**WHAT TO PRODUCE:** Could you copy the records below exactly, keeping none of the images?

::: SUPPLIED MATERIAL :::

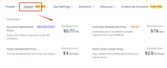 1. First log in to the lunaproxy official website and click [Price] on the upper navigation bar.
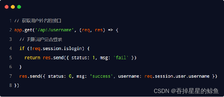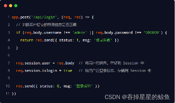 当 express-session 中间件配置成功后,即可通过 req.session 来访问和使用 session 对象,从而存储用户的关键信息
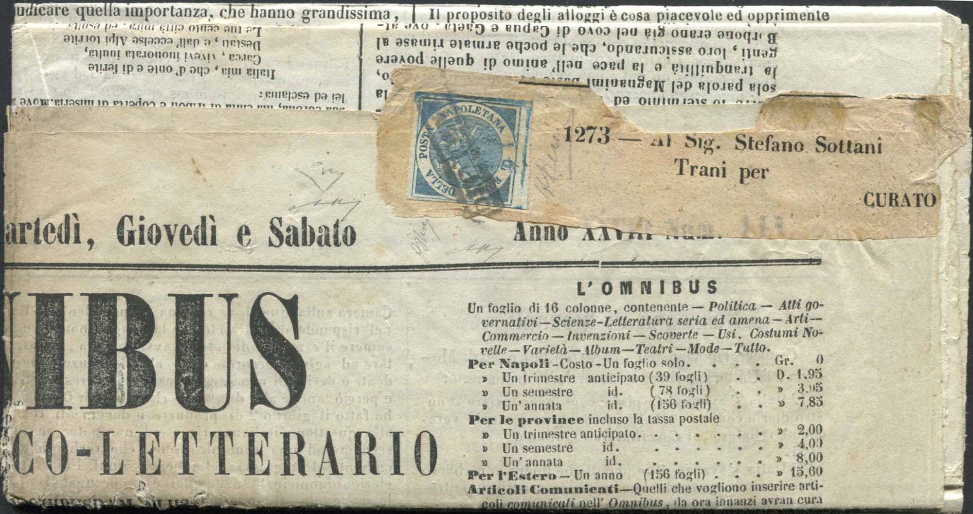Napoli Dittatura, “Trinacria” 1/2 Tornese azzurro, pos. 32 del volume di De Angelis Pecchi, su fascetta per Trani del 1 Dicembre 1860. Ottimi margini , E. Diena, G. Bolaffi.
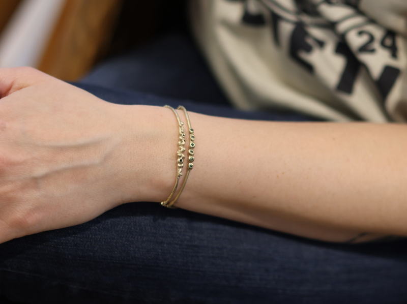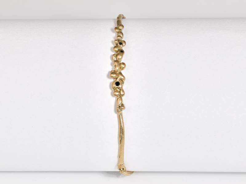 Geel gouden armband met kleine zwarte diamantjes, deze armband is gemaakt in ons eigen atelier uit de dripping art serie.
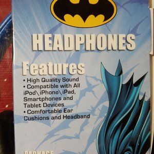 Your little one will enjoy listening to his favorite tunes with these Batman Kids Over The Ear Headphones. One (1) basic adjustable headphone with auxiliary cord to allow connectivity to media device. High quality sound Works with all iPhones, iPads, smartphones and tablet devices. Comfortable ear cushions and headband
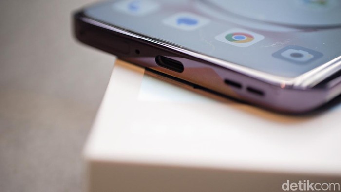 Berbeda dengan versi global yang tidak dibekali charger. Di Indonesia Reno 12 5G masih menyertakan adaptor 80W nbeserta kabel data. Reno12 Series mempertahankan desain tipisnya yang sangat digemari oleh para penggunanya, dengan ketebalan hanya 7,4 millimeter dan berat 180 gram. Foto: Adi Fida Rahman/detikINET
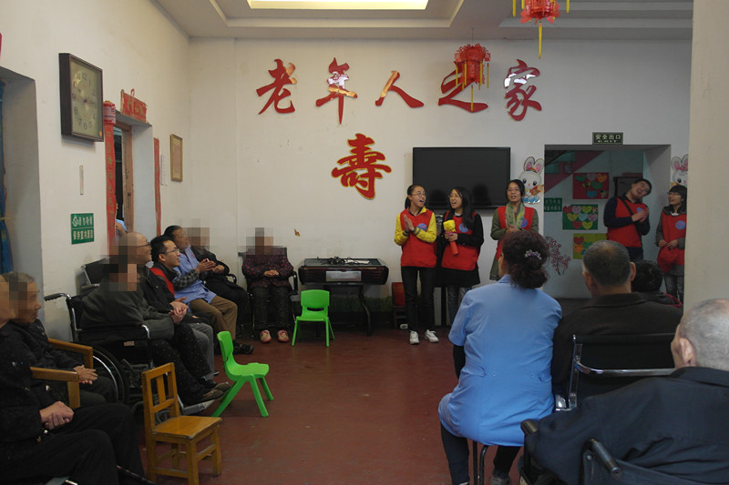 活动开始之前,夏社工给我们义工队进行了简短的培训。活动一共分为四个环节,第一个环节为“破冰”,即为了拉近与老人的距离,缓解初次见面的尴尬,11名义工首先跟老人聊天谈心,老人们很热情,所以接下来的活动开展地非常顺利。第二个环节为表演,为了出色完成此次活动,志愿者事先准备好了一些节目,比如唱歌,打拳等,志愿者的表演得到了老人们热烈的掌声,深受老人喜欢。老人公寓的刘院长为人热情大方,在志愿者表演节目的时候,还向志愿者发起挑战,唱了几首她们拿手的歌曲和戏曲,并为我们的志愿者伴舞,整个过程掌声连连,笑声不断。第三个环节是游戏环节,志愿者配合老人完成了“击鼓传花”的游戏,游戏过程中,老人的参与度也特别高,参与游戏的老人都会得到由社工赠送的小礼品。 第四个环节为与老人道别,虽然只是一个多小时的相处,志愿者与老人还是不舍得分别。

:::

**ANSWER TO THE EXERCISE:**
 1. First log in to the lunaproxy official website and click [Price] on the upper navigation bar.
 当 express-session 中间件配置成功后,即可通过 req.session 来访问和使用 session 对象,从而存储用户的关键信息
Napoli Dittatura, “Trinacria” 1/2 Tornese azzurro, pos. 32 del volume di De Angelis Pecchi, su fascetta per Trani del 1 Dicembre 1860. Ottimi margini , E. Diena, G. Bolaffi.
 Geel gouden armband met kleine zwarte diamantjes, deze armband is gemaakt in ons eigen atelier uit de dripping art serie.
 Your little one will enjoy listening to his favorite tunes with these Batman Kids Over The Ear Headphones. One (1) basic adjustable headphone with auxiliary cord to allow connectivity to media device. High quality sound Works with all iPhones, iPads, smartphones and tablet devices. Comfortable ear cushions and headband
 Berbeda dengan versi global yang tidak dibekali charger. Di Indonesia Reno 12 5G masih menyertakan adaptor 80W nbeserta kabel data. Reno12 Series mempertahankan desain tipisnya yang sangat digemari oleh para penggunanya, dengan ketebalan hanya 7,4 millimeter dan berat 180 gram. Foto: Adi Fida Rahman/detikINET
 活动开始之前,夏社工给我们义工队进行了简短的培训。活动一共分为四个环节,第一个环节为“破冰”,即为了拉近与老人的距离,缓解初次见面的尴尬,11名义工首先跟老人聊天谈心,老人们很热情,所以接下来的活动开展地非常顺利。第二个环节为表演,为了出色完成此次活动,志愿者事先准备好了一些节目,比如唱歌,打拳等,志愿者的表演得到了老人们热烈的掌声,深受老人喜欢。老人公寓的刘院长为人热情大方,在志愿者表演节目的时候,还向志愿者发起挑战,唱了几首她们拿手的歌曲和戏曲,并为我们的志愿者伴舞,整个过程掌声连连,笑声不断。第三个环节是游戏环节,志愿者配合老人完成了“击鼓传花”的游戏,游戏过程中,老人的参与度也特别高,参与游戏的老人都会得到由社工赠送的小礼品。 第四个环节为与老人道别,虽然只是一个多小时的相处,志愿者与老人还是不舍得分别。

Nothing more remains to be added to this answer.